## What needs to be done
Retype only the lines below from the one with "4.礼物补给:可兑换送给角色的好感度礼物(基本都是角色专属礼物)看情况兑换" to the one with "सोशल मीडिया पर", inclusive, skipping every image.

(Records shown begins)

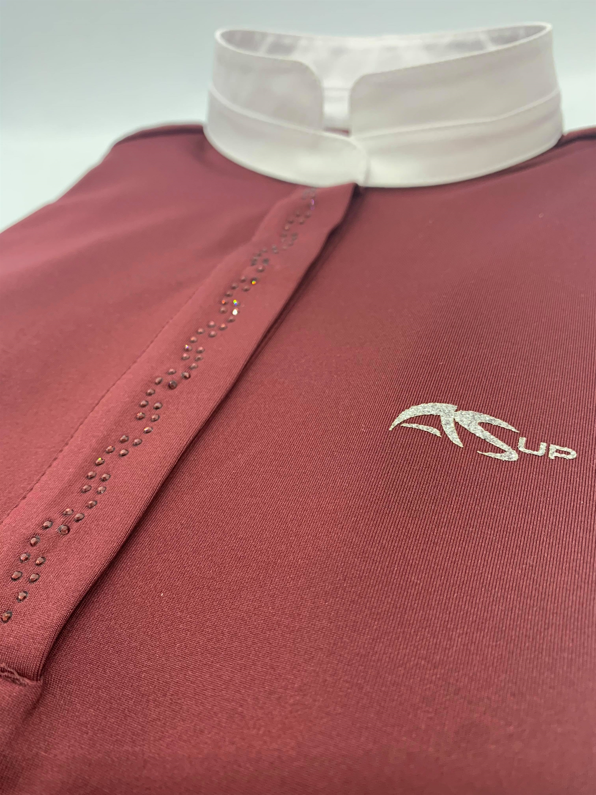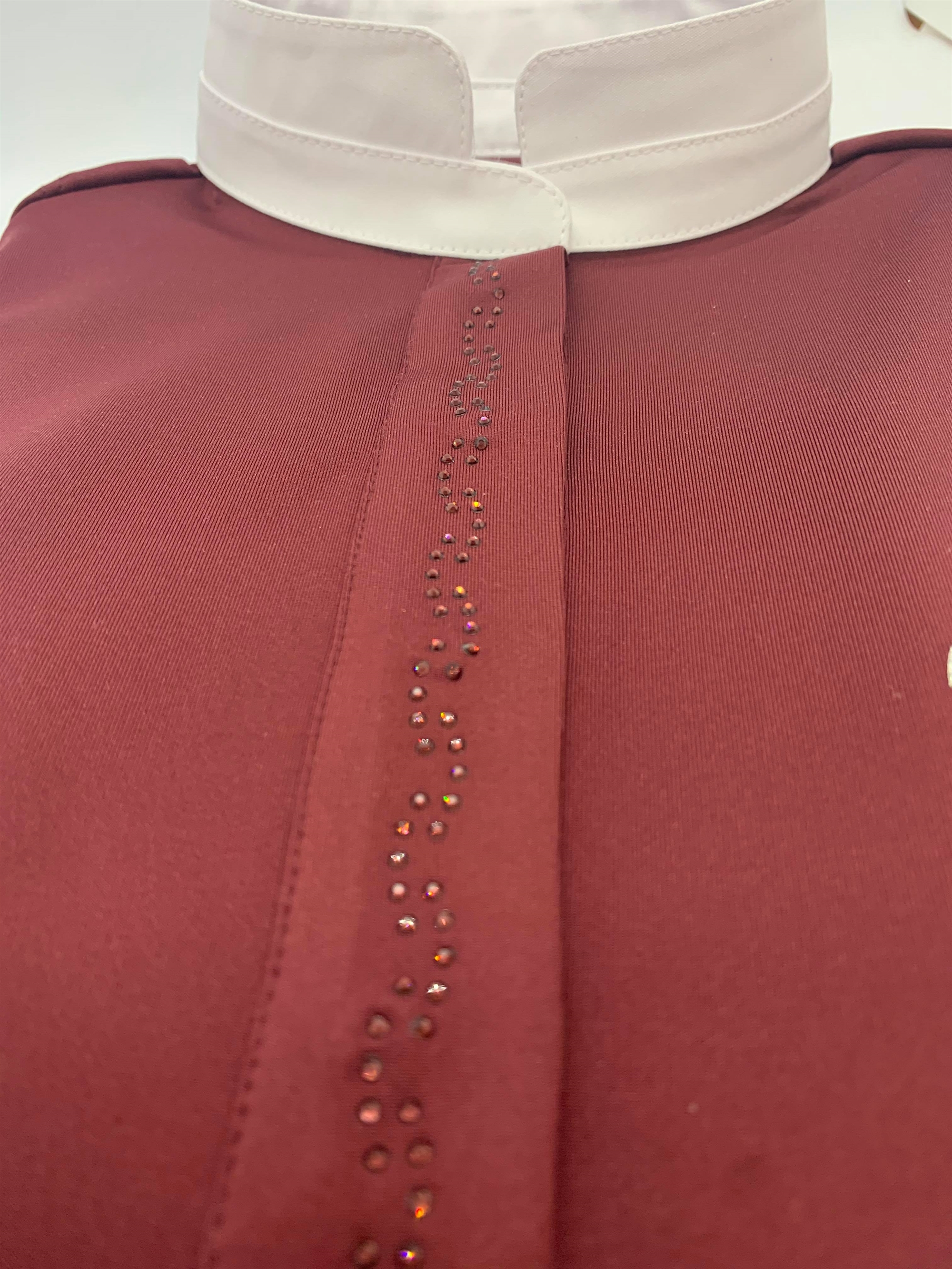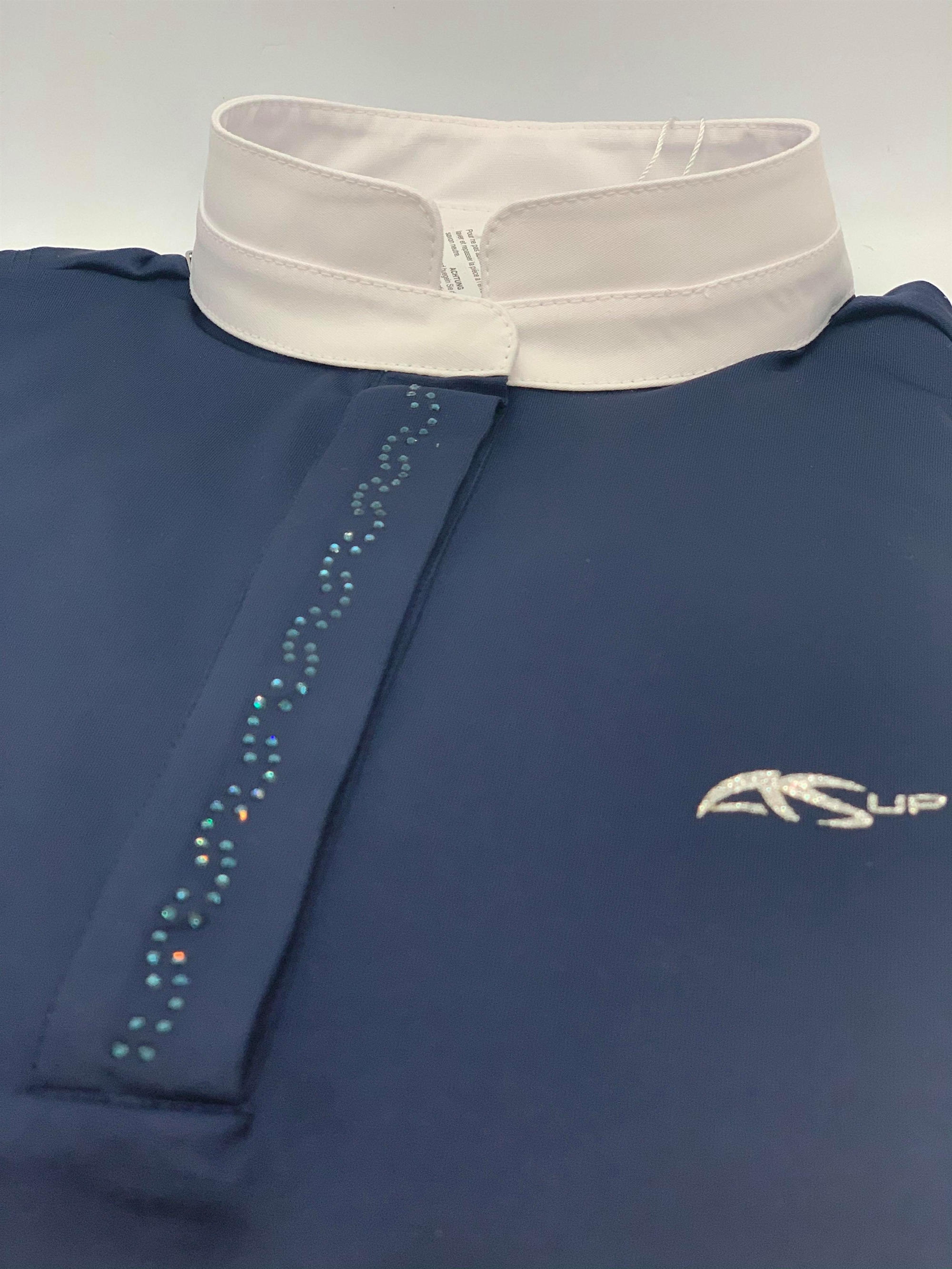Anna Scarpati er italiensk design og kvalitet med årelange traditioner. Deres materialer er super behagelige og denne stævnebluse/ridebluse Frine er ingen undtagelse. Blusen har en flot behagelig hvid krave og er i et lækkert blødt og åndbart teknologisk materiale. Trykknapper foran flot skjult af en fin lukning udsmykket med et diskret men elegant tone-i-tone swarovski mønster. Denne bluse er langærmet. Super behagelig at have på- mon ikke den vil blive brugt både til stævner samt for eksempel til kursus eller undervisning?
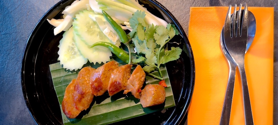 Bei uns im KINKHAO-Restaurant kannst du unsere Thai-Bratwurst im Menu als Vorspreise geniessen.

(Records shown ends)
(Records shown begins)

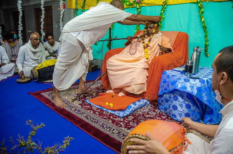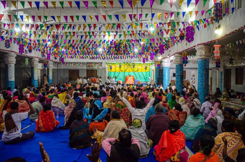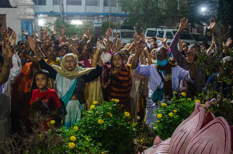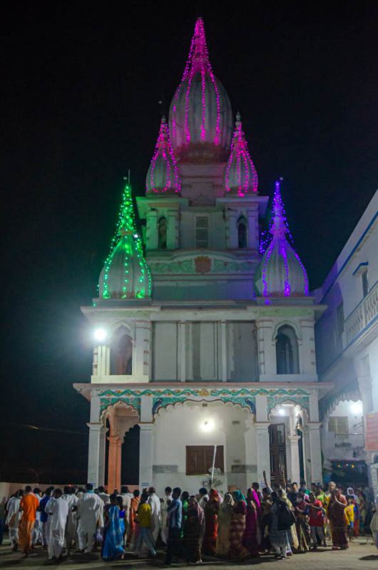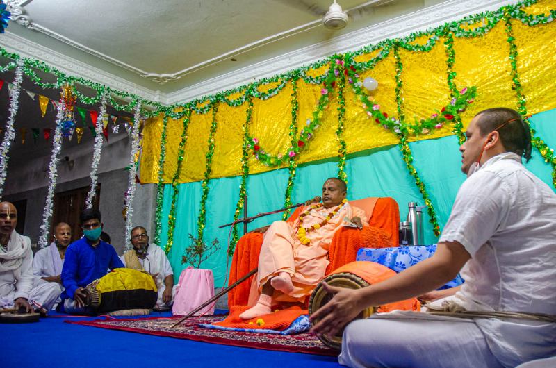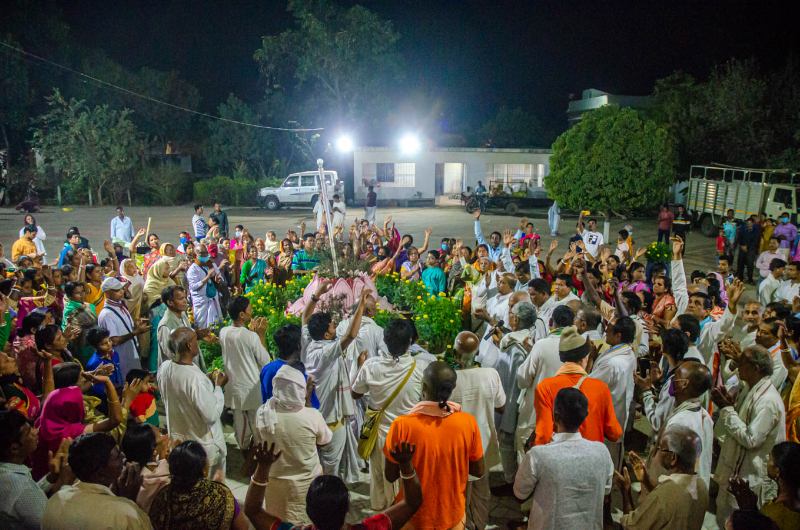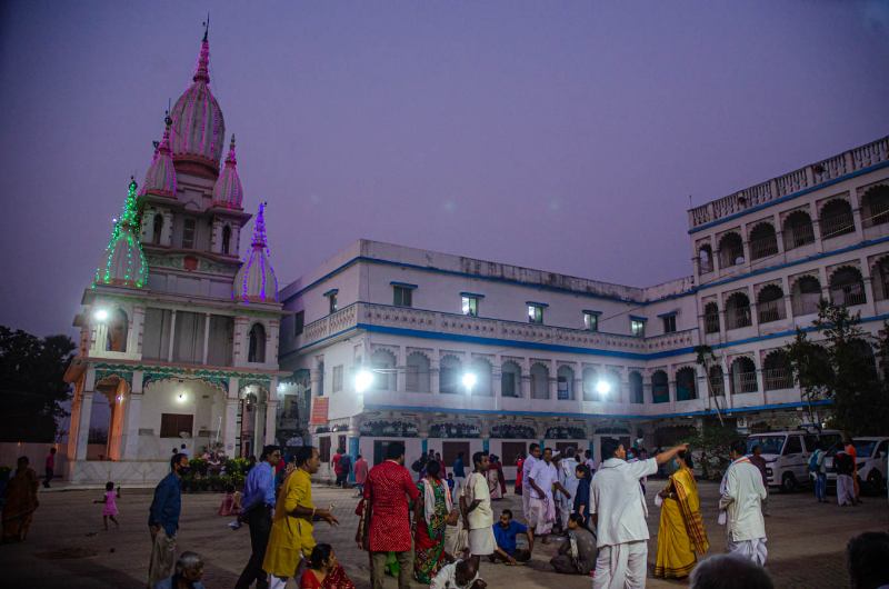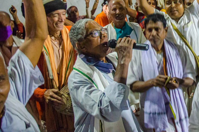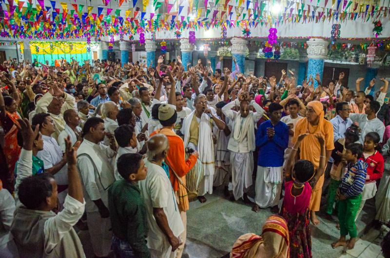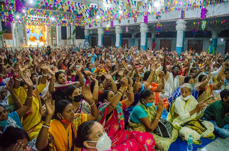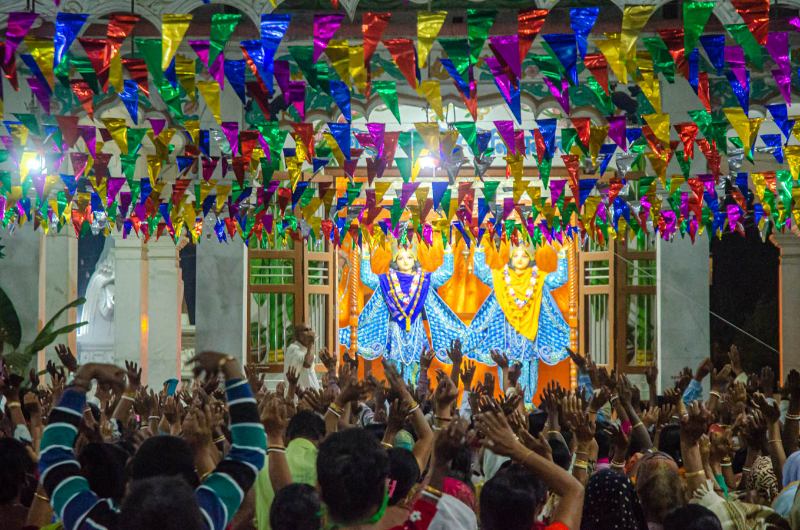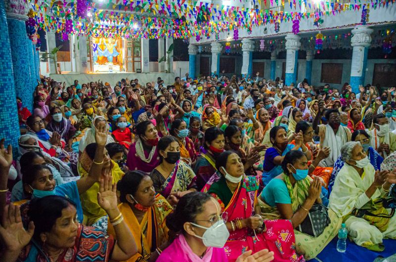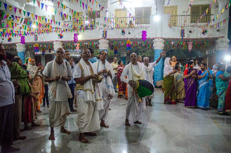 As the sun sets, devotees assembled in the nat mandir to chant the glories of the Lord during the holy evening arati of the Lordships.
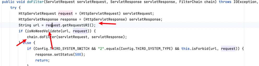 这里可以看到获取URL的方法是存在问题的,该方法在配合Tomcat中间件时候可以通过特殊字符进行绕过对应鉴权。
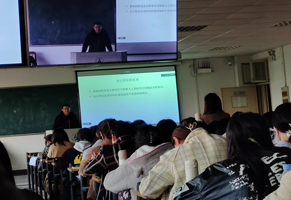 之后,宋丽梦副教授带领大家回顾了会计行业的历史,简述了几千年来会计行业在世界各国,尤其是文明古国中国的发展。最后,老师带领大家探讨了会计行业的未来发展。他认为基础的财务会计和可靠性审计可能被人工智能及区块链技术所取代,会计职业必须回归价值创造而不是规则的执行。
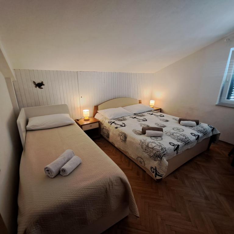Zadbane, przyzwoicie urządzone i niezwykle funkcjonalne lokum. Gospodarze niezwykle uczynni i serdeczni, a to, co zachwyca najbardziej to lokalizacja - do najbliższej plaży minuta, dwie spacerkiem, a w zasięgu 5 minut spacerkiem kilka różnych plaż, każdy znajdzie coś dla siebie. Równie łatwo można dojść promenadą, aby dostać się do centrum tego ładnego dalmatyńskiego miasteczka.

(Records shown ends)
(Records shown begins)

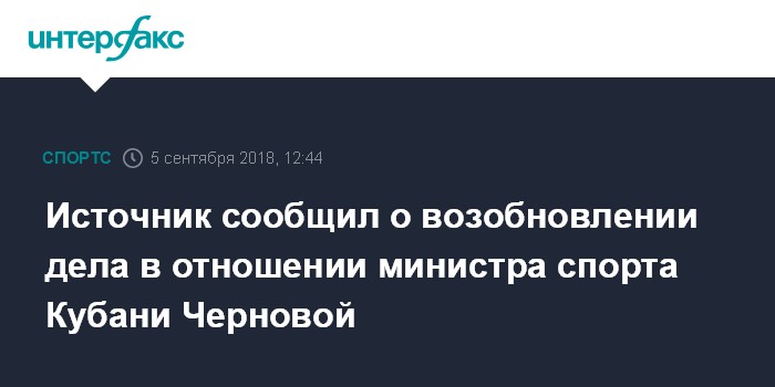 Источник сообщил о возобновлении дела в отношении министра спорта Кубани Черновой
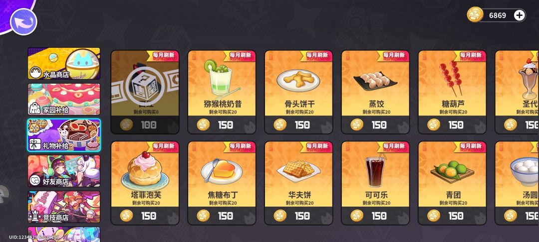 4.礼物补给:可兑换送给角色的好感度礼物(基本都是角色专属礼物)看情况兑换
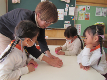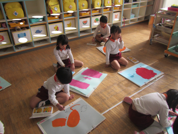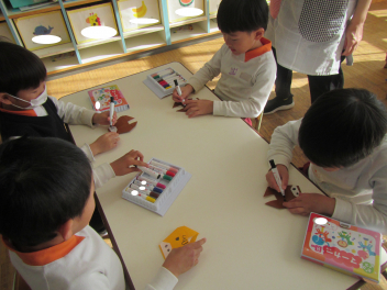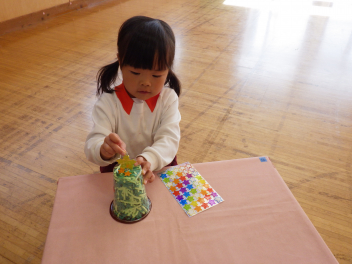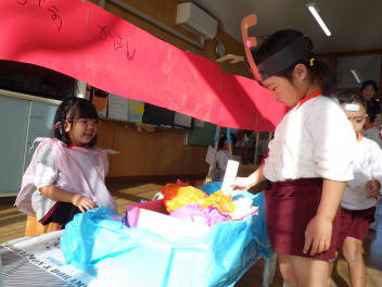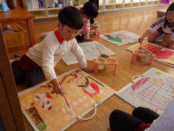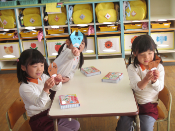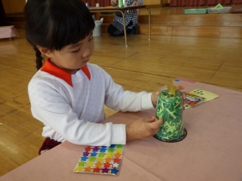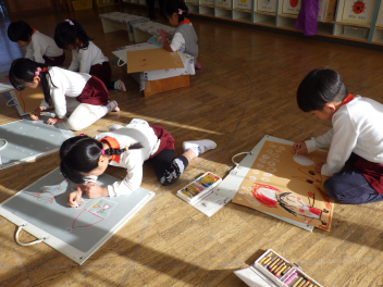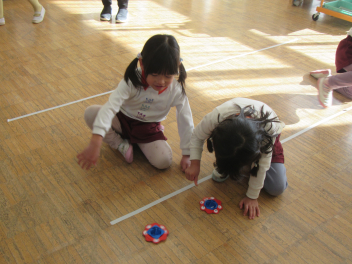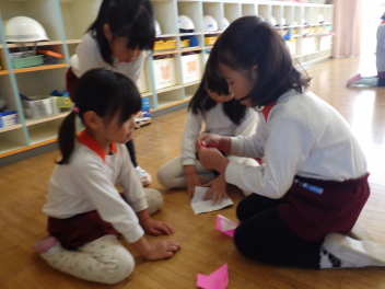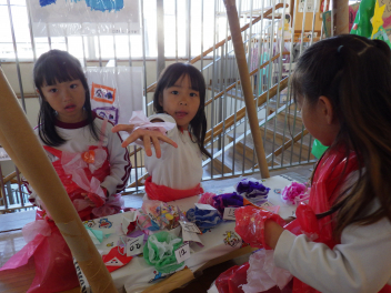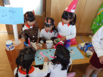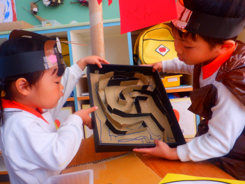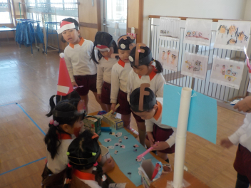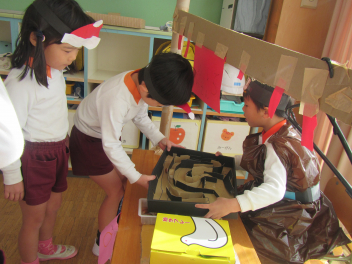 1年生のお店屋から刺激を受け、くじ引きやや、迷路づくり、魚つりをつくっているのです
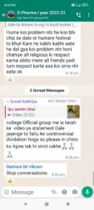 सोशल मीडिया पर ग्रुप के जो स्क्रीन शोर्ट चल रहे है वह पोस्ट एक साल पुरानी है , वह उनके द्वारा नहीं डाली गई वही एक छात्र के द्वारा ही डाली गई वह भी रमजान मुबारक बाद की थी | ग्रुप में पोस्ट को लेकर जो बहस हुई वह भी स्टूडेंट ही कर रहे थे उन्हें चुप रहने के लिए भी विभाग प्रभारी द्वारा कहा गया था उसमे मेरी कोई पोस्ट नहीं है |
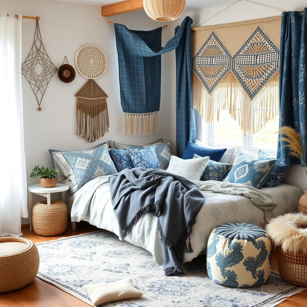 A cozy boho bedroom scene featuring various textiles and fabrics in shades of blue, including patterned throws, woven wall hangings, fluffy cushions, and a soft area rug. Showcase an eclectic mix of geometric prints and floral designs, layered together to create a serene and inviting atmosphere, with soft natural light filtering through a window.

(Records shown ends)

## Response area
 4.礼物补给:可兑换送给角色的好感度礼物(基本都是角色专属礼物)看情况兑换
 1年生のお店屋から刺激を受け、くじ引きやや、迷路づくり、魚つりをつくっているのです
 सोशल मीडिया पर ग्रुप के जो स्क्रीन शोर्ट चल रहे है वह पोस्ट एक साल पुरानी है , वह उनके द्वारा नहीं डाली गई वही एक छात्र के द्वारा ही डाली गई वह भी रमजान मुबारक बाद की थी | ग्रुप में पोस्ट को लेकर जो बहस हुई वह भी स्टूडेंट ही कर रहे थे उन्हें चुप रहने के लिए भी विभाग प्रभारी द्वारा कहा गया था उसमे मेरी कोई पोस्ट नहीं है |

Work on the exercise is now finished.